Lessons in Jasper (i)Reports

I had some great fun today playing around with iReport. I used Dynamic Jasper before iReport so it was an interesting experience seeing the platform first hand and seeing all the capabilities it offered via the properties panels in iReport for the various report components. It was interesting to see the layout capabilities of a Jasper report and how Dynamic Jasper worked with these.  A quick refresher, a Jasper report is split into different bands: Title, Page Header, Column Header, optional group headers, various detail bands, optional group footers, optional column footer, Page Footer, Last Page Footer, Summary, a No Data and a Background band. DJ follows closely to the Jasper specification & its capabilities. There are some things it can do better than iReport and some it cant.  The most obvious DJ benefit is the programatic table layouts, which is all through code and means your dependent properties are known in advance when you refactor a business class – you should be able to know when your report is going to break.  One issue I’ve had with DJ is that laying out components doesn’t always happen as beautifully as you’d expect.  Sometimes the width of columns totals is too small with unexplained wrapping or sometimes the layout is just wierd.   And there is no way of knowing until runtime that the seemingly simple change has broken the layout of your wonderful report. iReport on the other hand is comprised of datasources, sql or xml, and a jrxml template you design.  You aren’t fixed into a particular table structure, you can have multiple group variables on the same field without any kind of reprocrussions and the WYSIWYG editor and preview allows you to quickly play with report layout and styles and know what you are getting.  You can also start with a SQL query as your datasource to prototype and then at runtime inject a proper JRDataSource (the same DynamicJasper uses) – easy! But in the end of the day both of these compile down to .jasper files that Jasper Reports then fills in with your data and turns into these jrprint files – effectively a softcopy of your final report that you can turn into PDF or feed into a screen viewer.

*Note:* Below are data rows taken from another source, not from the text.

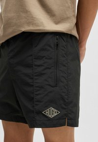 Shorts de bain noirs avec une ceinture élastique. Fabriqués en matière légère, ils disposent de poches latérales et d'un petit logo sur l'ourlet.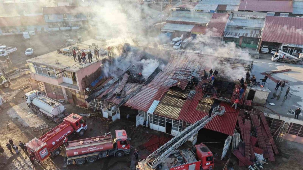 Bitlis’in Tatvan ilçesindeki sanayi sitesindeki bir kereste dükkanında çıkan yangın korkuttu.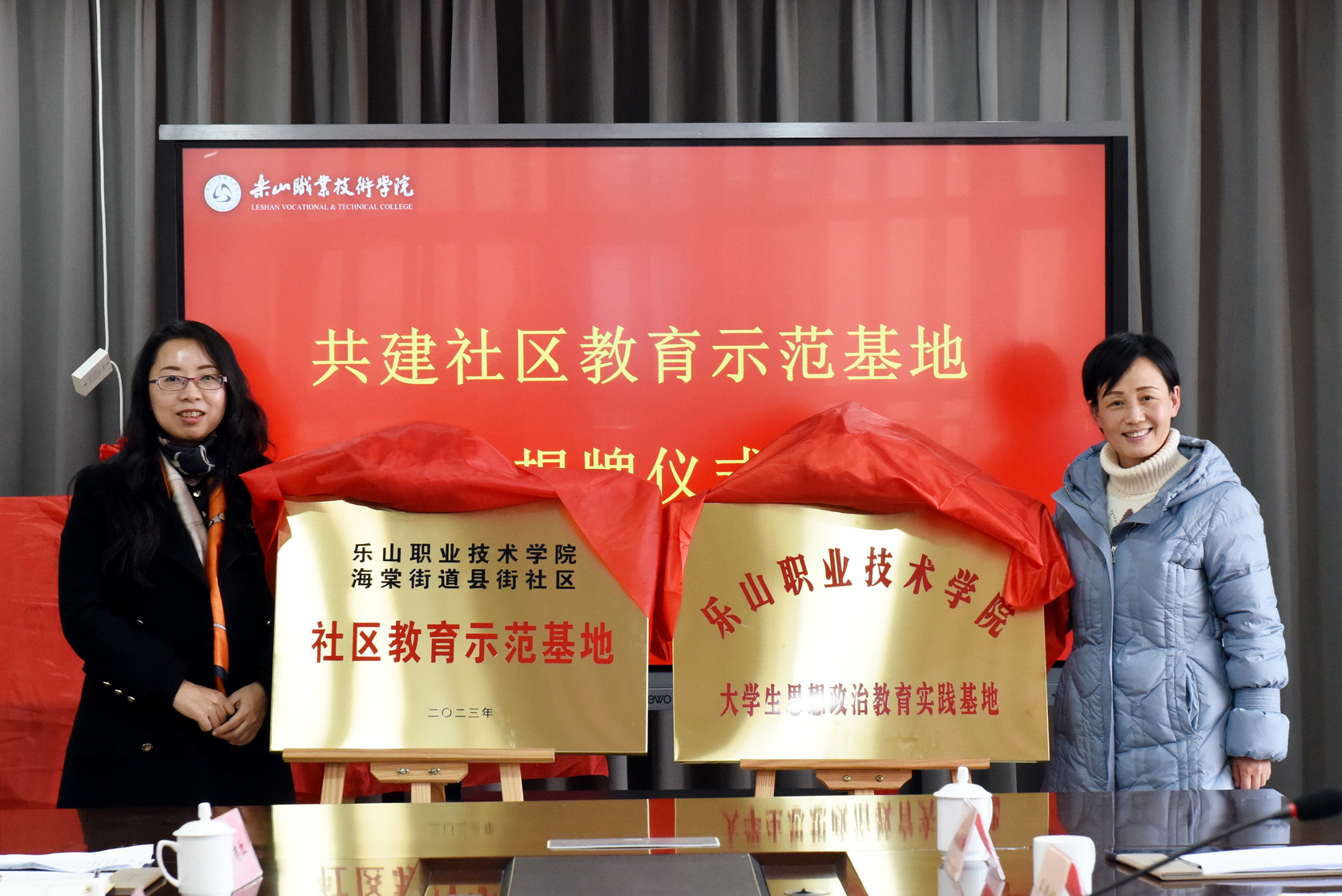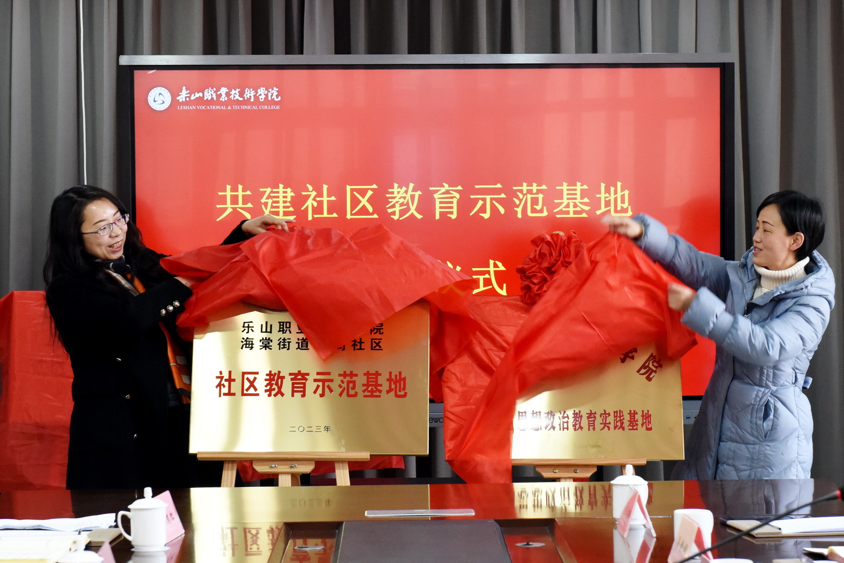仪式上,相关人员介绍了社区教育示范基地筹备情况和运行计划报告,学校分别和海棠街道县街社区、苏稽镇新桥社区签订了共建社区教育示范基地协议,周芹与袁梅、周健分别为两个社区的“社区教育示范基地”和“大学生思政实践基地”揭牌。

Column Headers above Group Headers

One neat feature that Dynamic Jasper provides is the ability to put the column labels in a tabular format report below the group label via its setGroupLayout() method. I didn’t realise that the only thing that Jasper supports is having a column header band above the group header band. So in iReport, this means you cant have group title followed by the column headers. The way around this in iReport is that in your Group Header, you move the column headers into the last Group Header band you want.  That way each time the group header gets displayed, so too will your Column header, underneath the Group label.

SubReports for non-data areas

The other trick I learnt was that when generating subreports that dont normally have data in them, for example a Header and Footer section, you need to be change the subreports ‘When No Data’ value to something like ‘All Sections, No Detail’ so that it doesnt simply show a blank page when you preview it and include it in a master report.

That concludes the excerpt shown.